全日本大学選手権 12月8日(vs拓大)
   1Q 2Q 3Q 4Q 合計

早大

33 24 17 22 96
拓大 33 24 26 18 101

◇早大スターティングメンバー◇
F#1 菊地実蘭(スポ1=愛知・桜花学園) 
G#13 山宮好葉(スポ1=東京成徳大高)
G#21 中山桂(スポ4=愛知・桜花学園)
G#23 江村優有(スポ3=愛知・桜花学園)
F#32 江頭璃梨(スポ3=宮崎・小林)
コメント

江村優有(スポ3=愛知・桜花学園)

――最後、一歩及びませんでしたが、今日の試合振り返っていかがですか

 チームとしては後半から良くなってきたディフェンスの部分で、インカレまでの間でも強化してきたのですが、1年間を通して成長が見られて良かったなと思います。オフェンスの部分でもチーム全体で自分たちの強みを理解した上で、持ち味を生かしながらストロングポイントで攻められたのが良かったと思います。でも相手のリバウンドの部分でしっかりボックスアウトできていなかったところが一番の今日の敗因かなと思うのと、オフェンスの部分でも途中で自分たちで難しくしてシンプルなシュートが打てていなかったので、そこは改善点かなと思います。個人としてはチームの中のエースだと思うのですが、エースとして得点を決めるべきところで決めきれなかったところが不甲斐ないと感じたので、そこはこれからも相手が絶対に自分のところにはダブルチーム、トリプルチームで来ると思うのですが、そういったタフな部分でもシュートを決め切れるようにしたいと思います。あとは周りを生かしながらストロングポイントで回せるように強化していきたいと思います。
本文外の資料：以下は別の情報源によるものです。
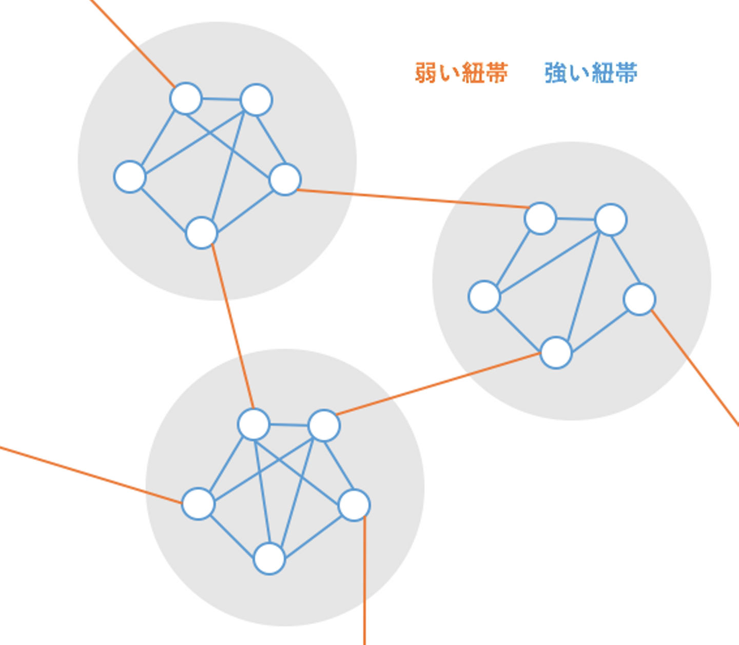ロングテールのビジネスを展開する人たちは、最初はオンラインサービスを使って疑似バックオフィスを作れていても、事業が例えば月商100万から1000万規模に育っていけば、様々な専門分野の知識が必要になってくる。デザインやプログラミング、経理、財務、採用、労務、マーケティング、ブランディング、挙げていけばキリがない。そして往往にして人は、自分の専門領域以外には疎いし人も知らない。なのでそこの扉をあけてくれる弱い紐帯が必要になる。

――テーマなど、試合前にチームで話していたことはありますか

 本当に今までの練習でやってきたことを全て出し切るだけなので、それをコート上で表現するというところで、一番はディフェンスの部分、ボックスアウト、ルーズボールをしっかり最後まで取り切るというところと、またオフェンスでも一人一人がスコアをする、アタックをする意識を持って攻めるというところを話して今日の試合に臨みました。

――相手のプレスについて、チーム内でハーフタイムなどで話したことはありましたか

 1試合を通してずっと言っていたのはリバウンドのところです。相手は留学生もいるのですが、自分たちよりも相手の方が大きくて上から取られてしまうところもあるのですが、やはりボックスアウトを徹底したり、ボックスアウトして周りがリバウンドで絡んであげたりすれば、もっとリバウンドを取れていたと思うのでそこは改善しようという話をしました。

――最後まで戦い抜いてみて、今試合の早大の良かったところはどのようなところだと感じますか

 全員がディフェンスからしっかり頑張って、オフェンスにつなげていたところが良かったと思いますし、中での声も増えて、全員が声を出しながら、ディフェンスはチームディフェンスで、オフェンスは自分の持ち味を生かしてというところが本当に良くなったと思うので、来年はもっと精度を上げて、1年生も入ってくるのでそこはプラスして、もっともっと良いチームを来年は作っていきたいと思います。

 

中山桂(スポ4=愛知・桜花学園)

――今の率直な気持ちを聞かせてください

 悔しかったです。私は声をかけることぐらいしかできなかったんですが、下級生が頑張ってくれてそれぞれの役割を徹底しようとコートの中で表現してくれたのでうれしかったです。でも、最後足らなかった点数は4年生の力のなさだったかなという風に思います。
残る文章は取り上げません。